When selecting or enhancing technology, consider scalability and flexibility as top priorities. Ensure the system can handle spikes in demand and integrate with a range of third-party platforms that lenders may use. This way, as loan applications increase, the technology can seamlessly support the volume without additional strain on resources.

2. Develop Consistent Policies and Procedures Throughout the Loan Manufacturing Process

A sudden increase in loan applications can put pressure on a lender’s policies and procedures. Inconsistent processes not only lead to inefficiencies but also increase the risk of errors, regulatory issues, and customer dissatisfaction. VOE/I service providers can play a key role in helping lenders develop and implement standardized policies and procedures for loan verification.

Consistency is particularly important in compliance-heavy areas, such as income verification, as regulations may vary between different jurisdictions. By creating uniform policies and training teams across the board, lenders can ensure that every application is processed with the same level of diligence, regardless of volume. This also helps in reducing loan cycle times, as there’s less need for manual intervention and double-checking.

VOE/I service providers should work closely with lenders to ensure that verification policies align with regulatory standards and industry best practices. They can provide lenders with customizable templates and process guides to foster a consistent approach to income verification. In doing so, lenders will not only streamline their operations but also instill confidence in borrowers, knowing their applications are being processed in a reliable, efficient manner.

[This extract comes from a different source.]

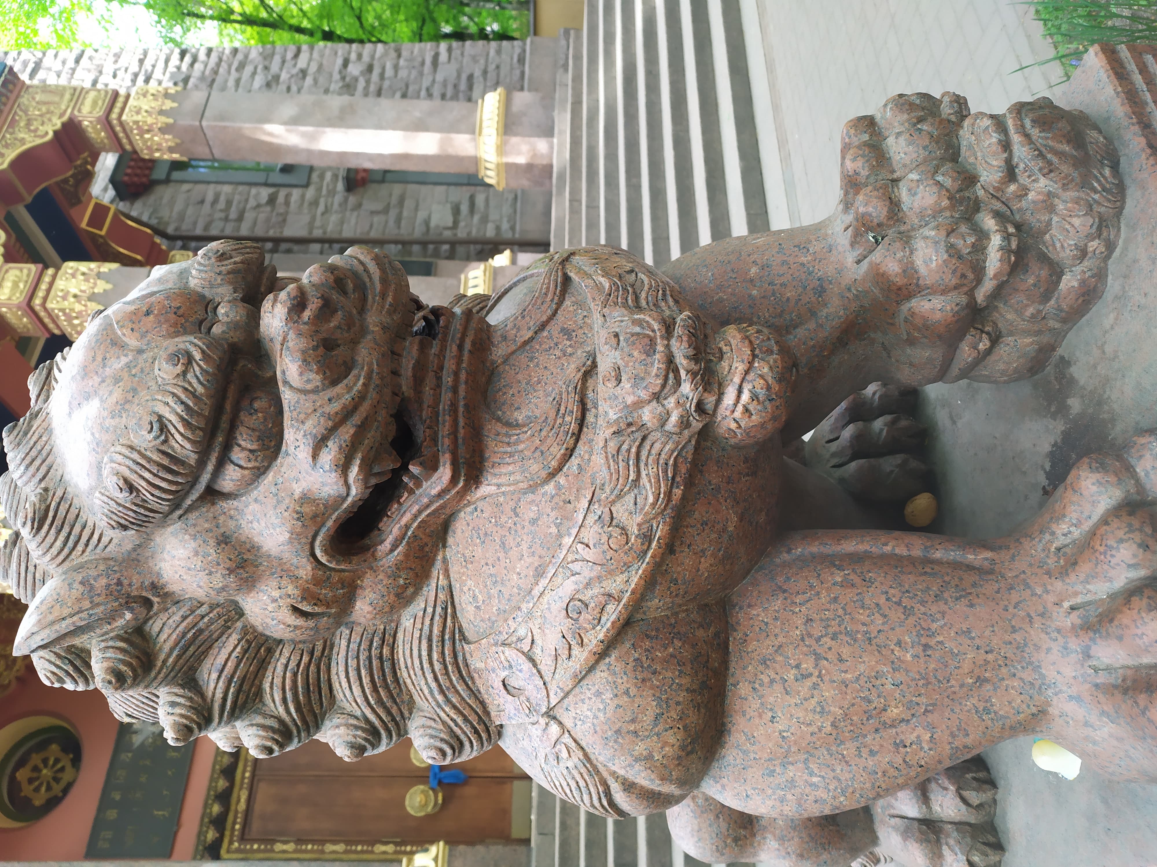 За оградой оживленная улица Савушкина. Не пойму, мне здесь спокойно или нет. Присела на скамейку перед входом. У входа скульптуры львов, символизирующие желания и страсти, которые должны обуревать людьми. Сплошные оскалы, такие львы, конечно, никем «обуревать» не могут. Рассматриваю застывшие «страсти» ближе. У лап льва лежат киндер-сюрприз, две конфеты и пахучая гвоздика. Подношения.  Знак? Зачем задабривать «страсти», если они всего лишь скульптуры?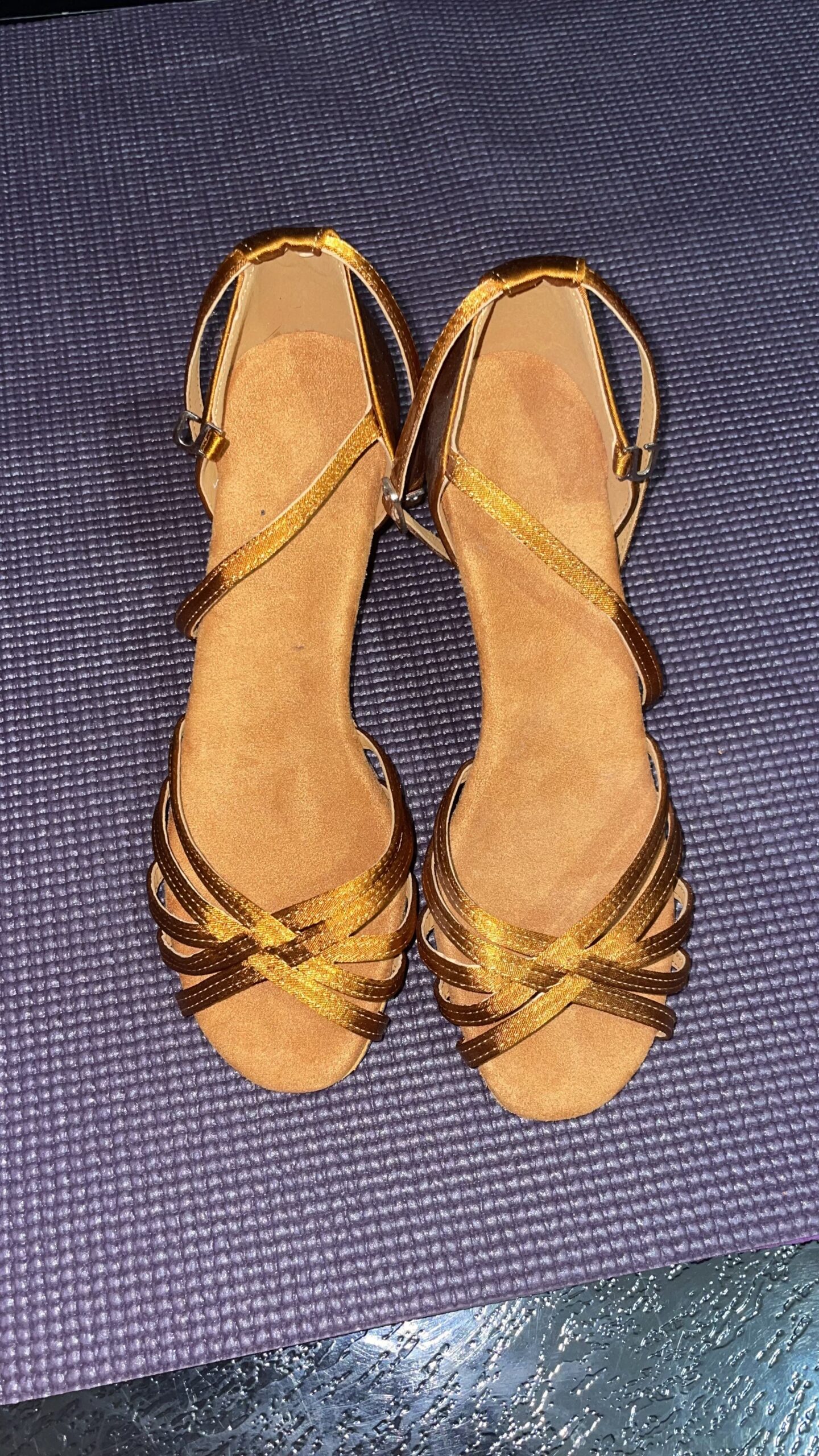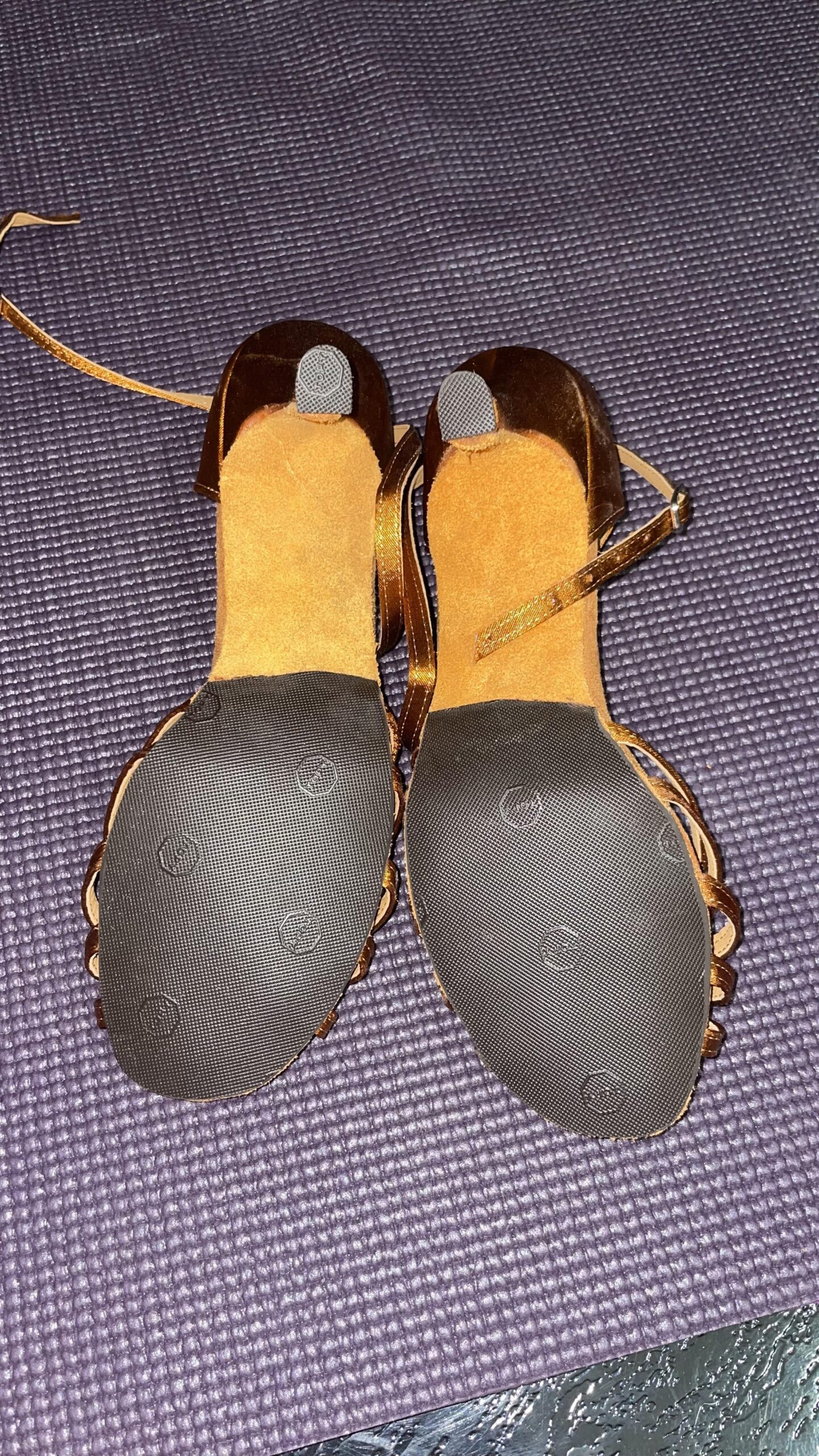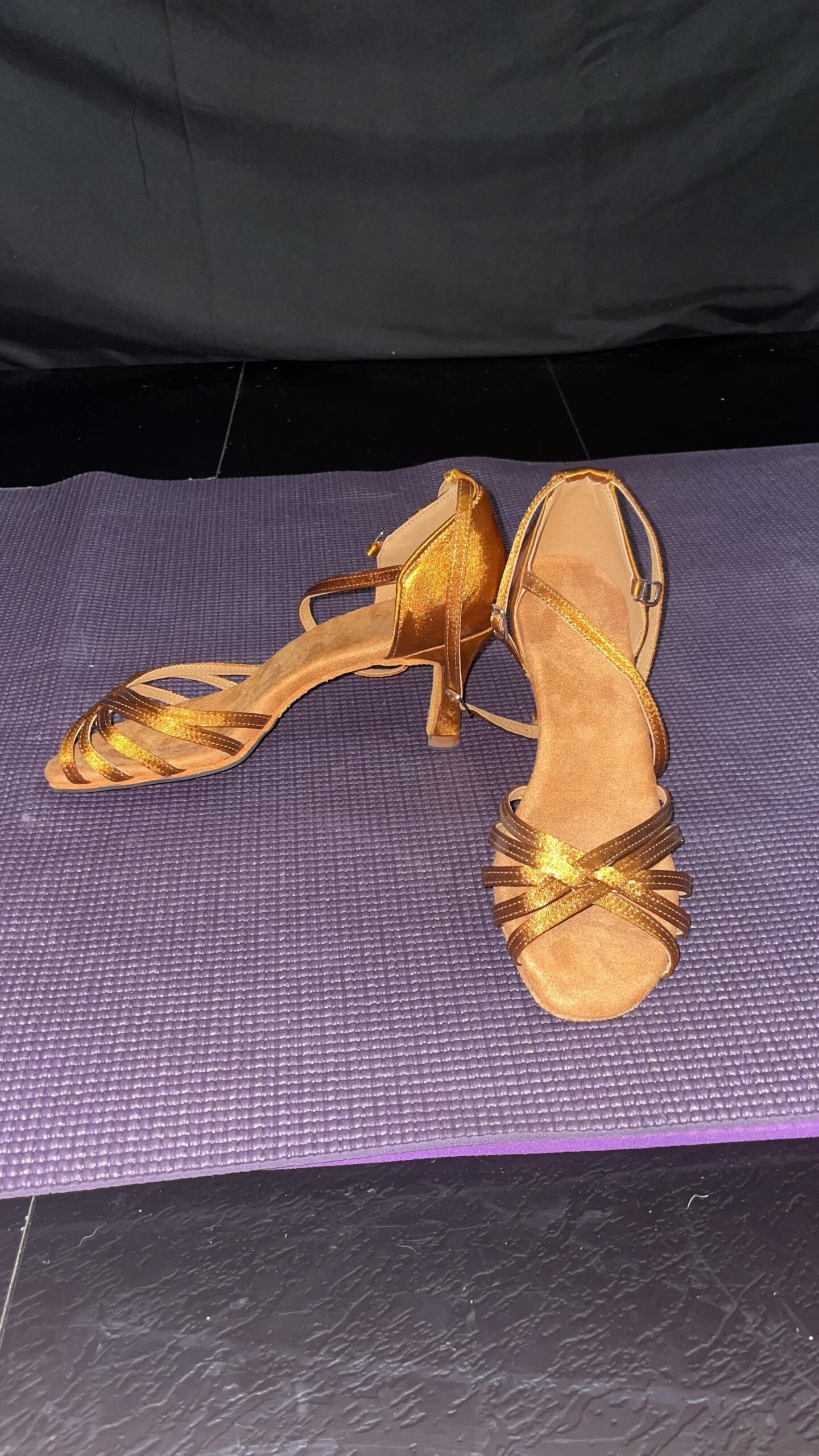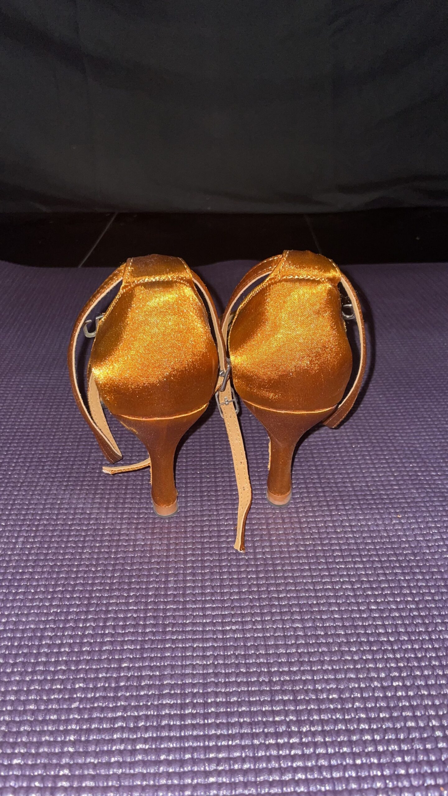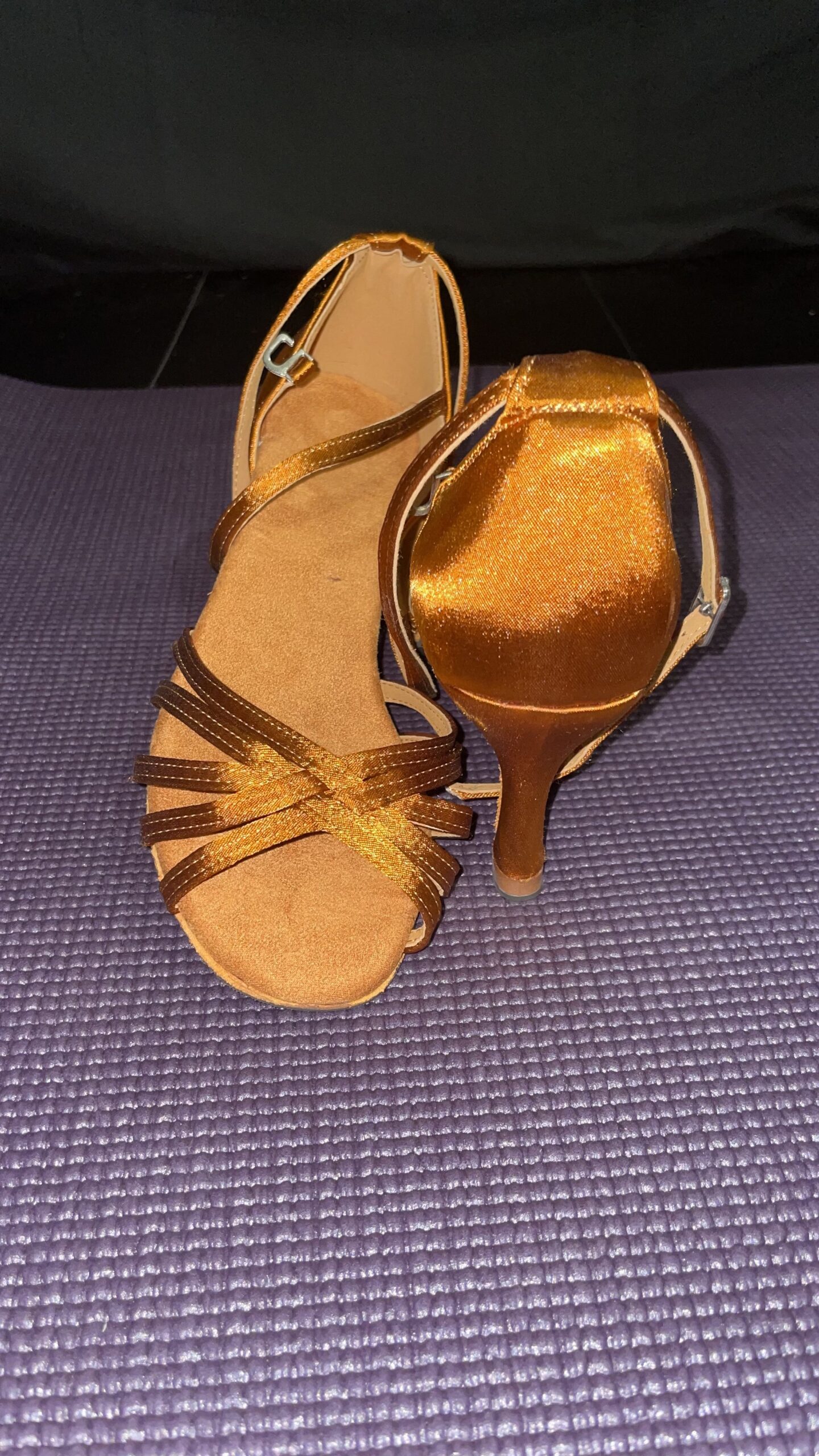 Brand new, never worn dance shoes in a beautiful bronze satin finish.

3. Automate and Streamline Manual Processes

Many steps in the loan manufacturing process are still heavily manual, from document collection to data entry and income verification. These manual steps are not only time-consuming but also introduce the risk of errors, especially when application volumes rise in response to lower interest rates. VOE/I service providers are uniquely positioned to help lenders replace manual workflows with automated processes.

Automation in income verification can take several forms, such as optical character recognition (OCR) to digitize physical documents or APIs that pull income data directly from payroll providers or banks. These technologies reduce the need for borrowers to provide extensive paperwork, thus improving their experience while speeding up the processing time for lenders.

Additionally, consider the benefits of automating borrower communication. Automated notifications can keep borrowers informed of their application’s status, reducing the likelihood of repeated inquiries and allowing staff to focus on more complex tasks. Automation not only drives operational efficiency but also enhances transparency and satisfaction, ensuring that lenders can handle larger volumes of applications without sacrificing service quality.

4. Strengthen Cybersecurity to Protect Sensitive Borrower Information

With an increase in applications comes a higher volume of sensitive information flowing through digital systems. As VOE/I providers support lenders in processing this information, strengthening cybersecurity measures becomes essential to protect borrower data and maintain trust.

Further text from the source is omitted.